With the Super Bowl just three days away, New England Patriots owner Robert Kraft says he's open to giving Tom Brady a contract extension. Let's see, the guy's brought you to three straight Super Bowls, and you currently have no back-up, so, yeah, that seems like an easy choice.  The real question may be if the two sides can agree on the length of a new deal.  Brady will be 42 years old when his current contract expires, and he's said many times that he wants to play until he's 45.  Will the team agree to those three years?  Ahh, we'll start worrying about this in four days.

NFL Commissioner Roger Goodell finally had his Super Bowl press conference on Wednesday and said a whole lot of nothing as usual.  It's no accident that Goodell has been MIA with the media this year.  Nothing positive ever happens for the league when he speaks.  His job is to grow the nearly $20 billion annual revenue pie for the owners and not let anything get in the way of that.

Jordan Peele's much-anticipated Twilight Zone reboot will debut on CBS All Access on April 1.  That seems appropriate.

Former SNL star Fred Armisen is doing a music-comedy tour later this year.  Armisen, who is currently (among other things) the bandleader for Late Night with Seth Meyers, is an accomplished musician, and this could be entertaining.

Okay kids, that's going to do it for now.  Here are the Dixie Chicks to close things out with, "Long Time Gone, " for today's, "Song of the Day."

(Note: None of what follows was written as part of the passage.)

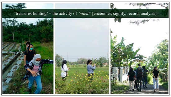 Here, niteni, as the conceptual framework of experiential participatory learning and knowledge production, is applied to the initial activity of field exploration, often called treasure mapping, which seeks to recognize, collect, and map the treasures, including regional land, farming traditions, and people, as potential bases of knowledge and actions for the co-design project. In practice, niteni brings about the memory of embodied/embedded perceptions of the environment and the ways that individuals manage and relate to them [72]. In field activities, the precept induces the students/designers to position the local community as teachers and the area of exploration as a place to gather signs, signifiers, and relations. With the satellite imaging map in their hands, participants walked through the village, taking notes and documenting matters and objects of interests.

Thanks for stopping by, everyone.  It was great to see you, as always.  BDH and Little Buddha say you're invited to come back tonight and watch A Million Little Things with us if you like.  For those who can't make it, the recap will be up tomorrow.  In any case, enjoy the rest of your day, stay warm, and we'll see you all back here again for more coffee soon.  Until next time, that's today's Clearing out the Clutter, and we are outta here.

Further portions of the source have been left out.